Goal of the exercise:
Pictures in the records below must be left out. Return exactly the lines from the line with "The Porsche badge" to the line with "Envuelva el extremo", both included.

Dataset entries:
Start of Block

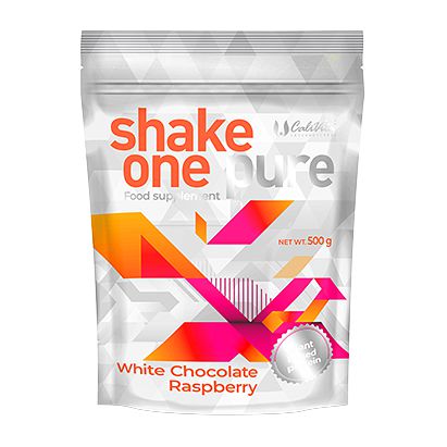 Shake One Pure (500 g) – proteinski prah s okusom bijele čokolade i maline, sa šećerom i sladilima
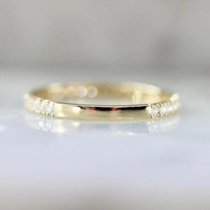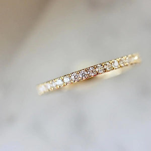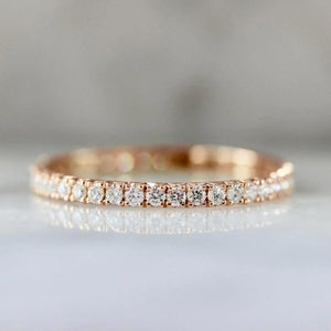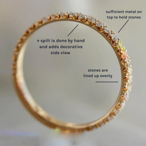 This scrumptious hand cut French pavé band features high quality, round brilliant cut white diamonds set 3/4 around, with a gold bar at the back for easy sizing. What makes Bisous special are the delicate v-shaped grooves that are hand carved to expose more of each diamond, creating a "floating" effect for maximum shimmer. Served in your choice of gold.
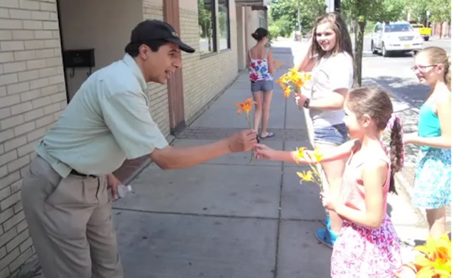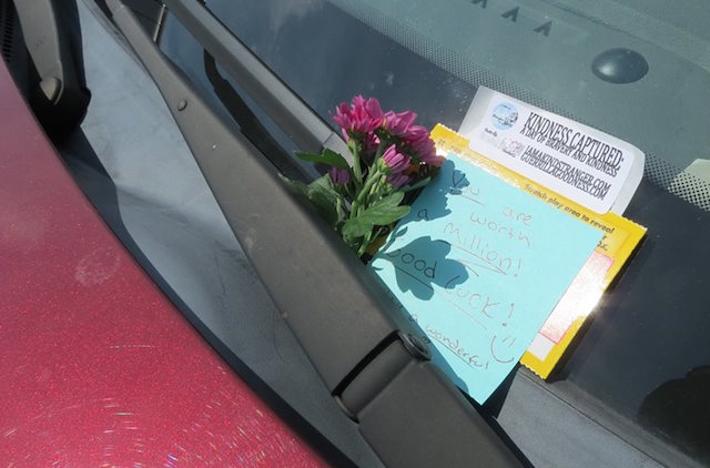 The good deeds ranged from handing out bottles of water, popsicles, and flowers, to paying for people’s coffee, to mailing postcards to random addresses in the phonebook, to leaving lottery tickets under windshield wipers.
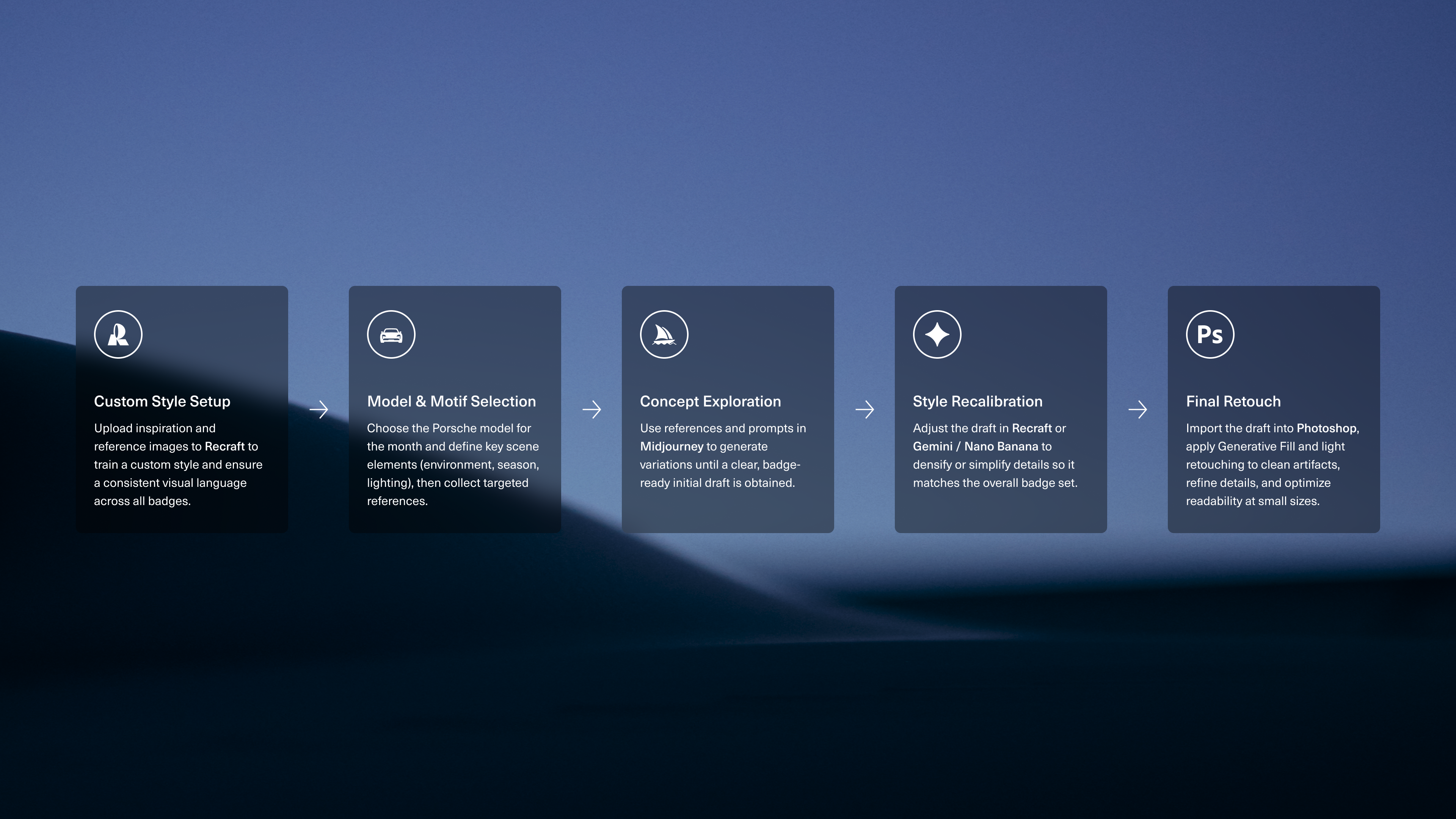 The Porsche badge visuals are created through an AI-assisted workflow that balances consistency and flexibility.
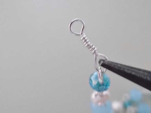 Envuelva el extremo del alambre hacia abajo y alrededor igual que antes. Recorte el exceso de alambre y aplanar y suavizar con los alicates doblados de la nariz.
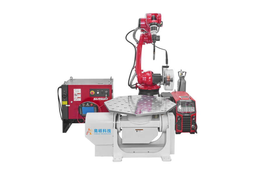 智能焊接機(jī)器人實(shí)訓(xùn)平臺(tái)由新松工業(yè)機(jī)器人、焊接電源、焊槍、送絲機(jī)、機(jī)器人底座、雙軸變位機(jī)、焊接柔性平臺(tái)、夾具、焊接氣瓶、焊接模具及安全圍欄等組成,可實(shí)現(xiàn)6+2八軸聯(lián)動(dòng)焊接技術(shù)應(yīng)用,對(duì)復(fù)雜不規(guī)則的工件進(jìn)行焊接。
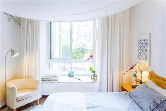 还有那面大大的飘窗,搭配两侧散发柔和灯光的壁灯,睡觉也可以很舒心。
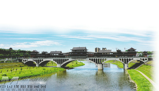 天藍(lán)水清(三臺(tái)凱江廊橋)(侯曉斌 攝)
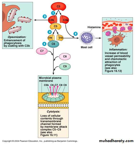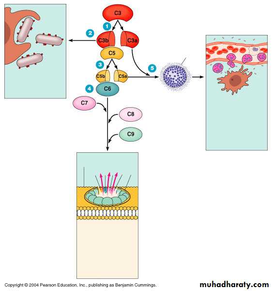 When an additional C3b binds to the C3 activation complex it converts it into a C5 activation complex.The C5 activation complex cleaves C5 into C5a and C5b.

End of Block

Task output:
 The Porsche badge visuals are created through an AI-assisted workflow that balances consistency and flexibility.
 Envuelva el extremo del alambre hacia abajo y alrededor igual que antes. Recorte el exceso de alambre y aplanar y suavizar con los alicates doblados de la nariz.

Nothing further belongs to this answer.